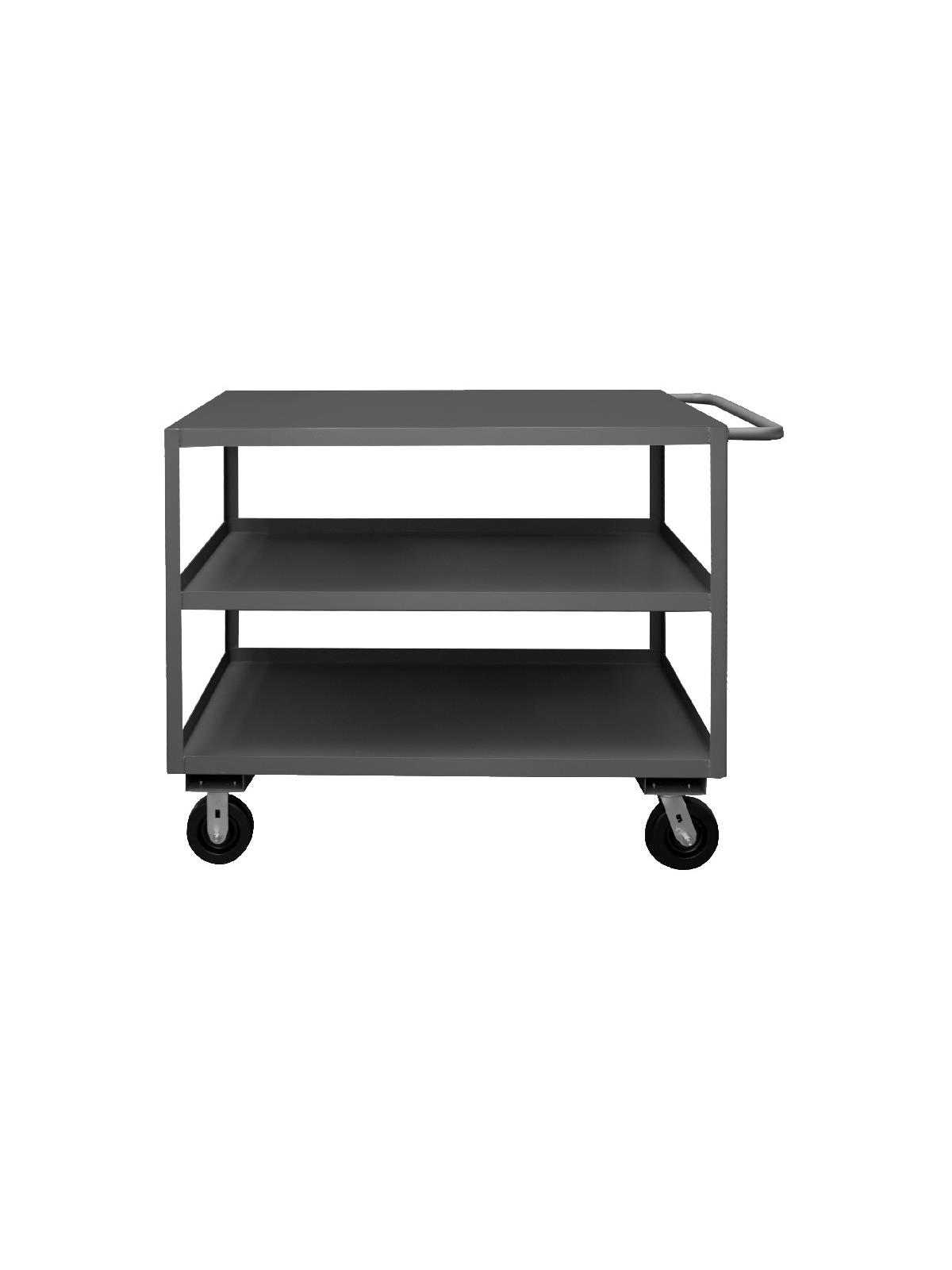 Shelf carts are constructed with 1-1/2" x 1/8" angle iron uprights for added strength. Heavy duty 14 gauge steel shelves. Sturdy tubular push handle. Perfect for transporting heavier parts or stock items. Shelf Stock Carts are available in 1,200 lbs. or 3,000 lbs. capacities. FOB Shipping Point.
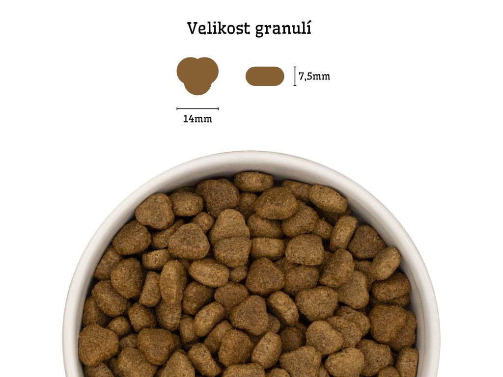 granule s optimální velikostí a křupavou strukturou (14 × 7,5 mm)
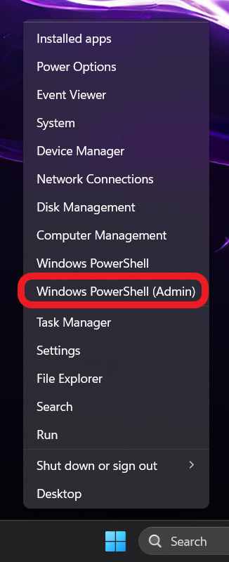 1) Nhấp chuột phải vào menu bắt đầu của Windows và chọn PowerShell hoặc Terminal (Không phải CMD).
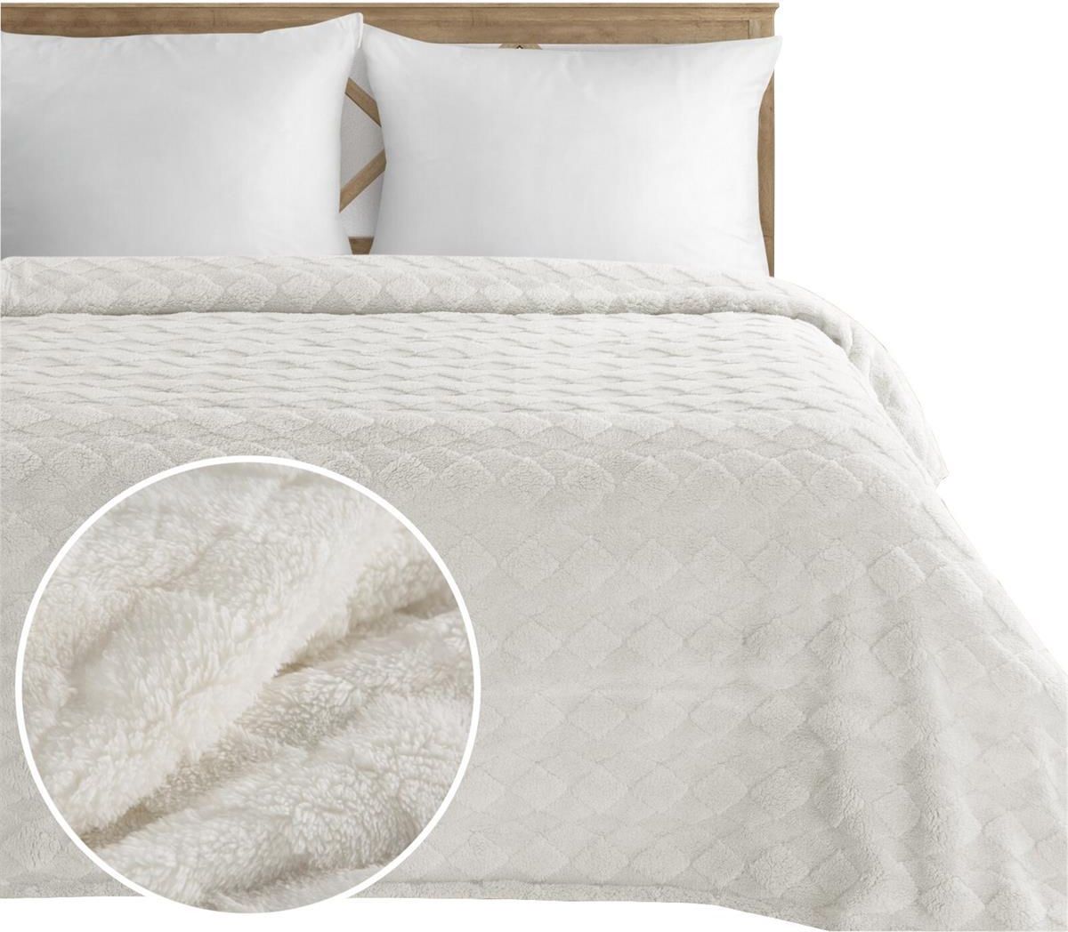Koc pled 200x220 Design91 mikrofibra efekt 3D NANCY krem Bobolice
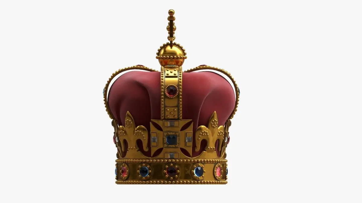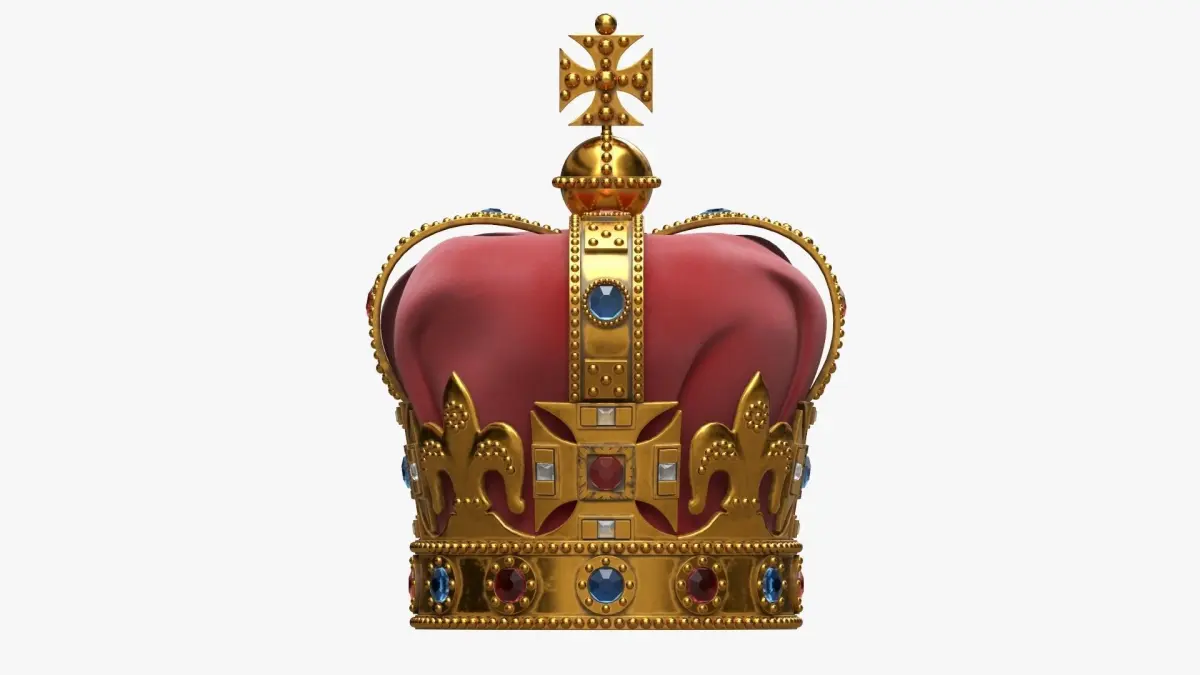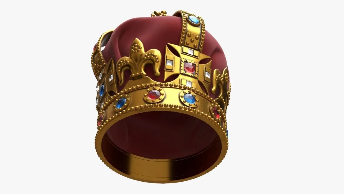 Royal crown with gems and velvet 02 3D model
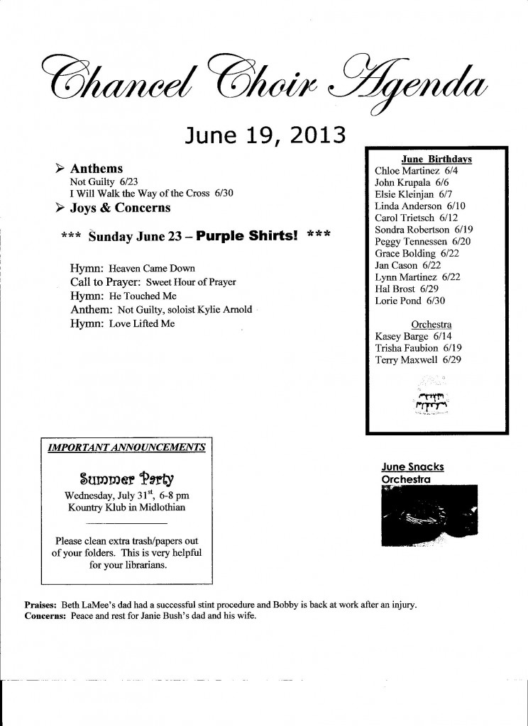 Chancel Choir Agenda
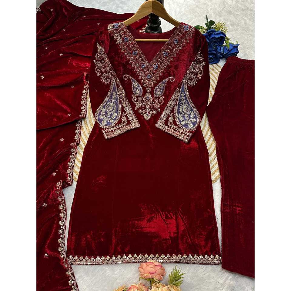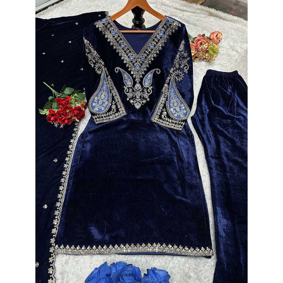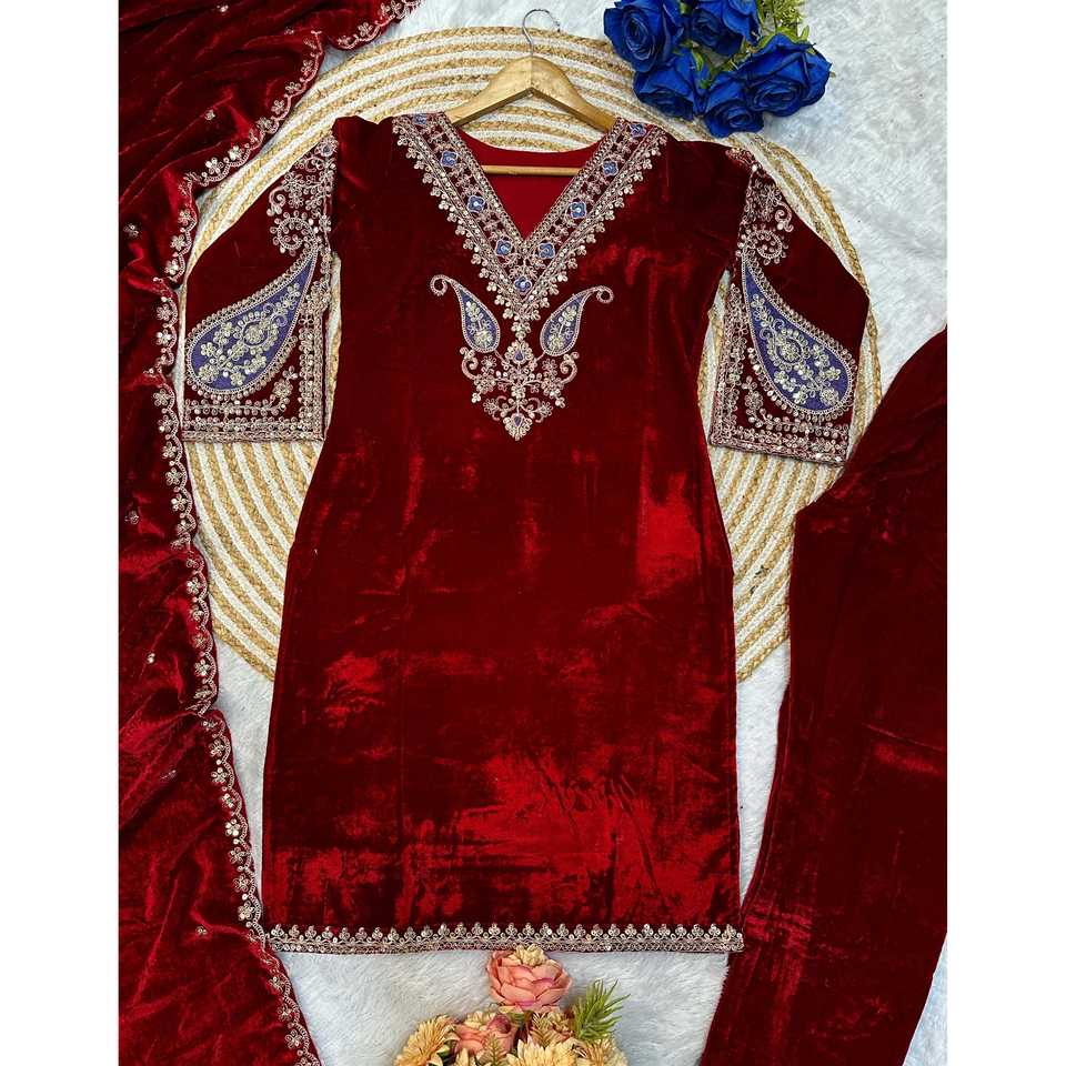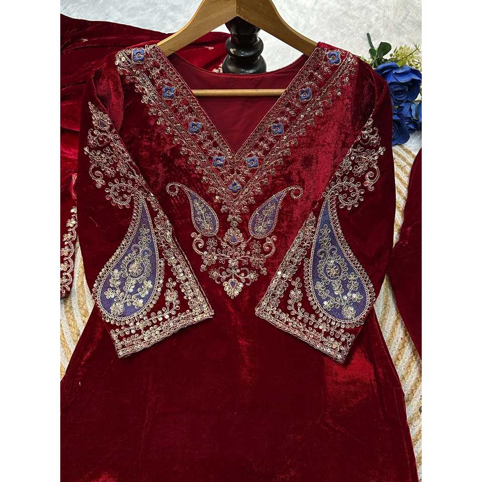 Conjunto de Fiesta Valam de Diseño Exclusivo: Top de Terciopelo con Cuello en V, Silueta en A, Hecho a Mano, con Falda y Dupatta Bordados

What this task involves — Set down word for word every line from the one containing "1) Nhấp chuột" through the last line of the records above, both ends included. Leave out the pictures.

Expected answer —
 1) Nhấp chuột phải vào menu bắt đầu của Windows và chọn PowerShell hoặc Terminal (Không phải CMD).
Koc pled 200x220 Design91 mikrofibra efekt 3D NANCY krem Bobolice
 Royal crown with gems and velvet 02 3D model
 Chancel Choir Agenda
 Conjunto de Fiesta Valam de Diseño Exclusivo: Top de Terciopelo con Cuello en V, Silueta en A, Hecho a Mano, con Falda y Dupatta Bordados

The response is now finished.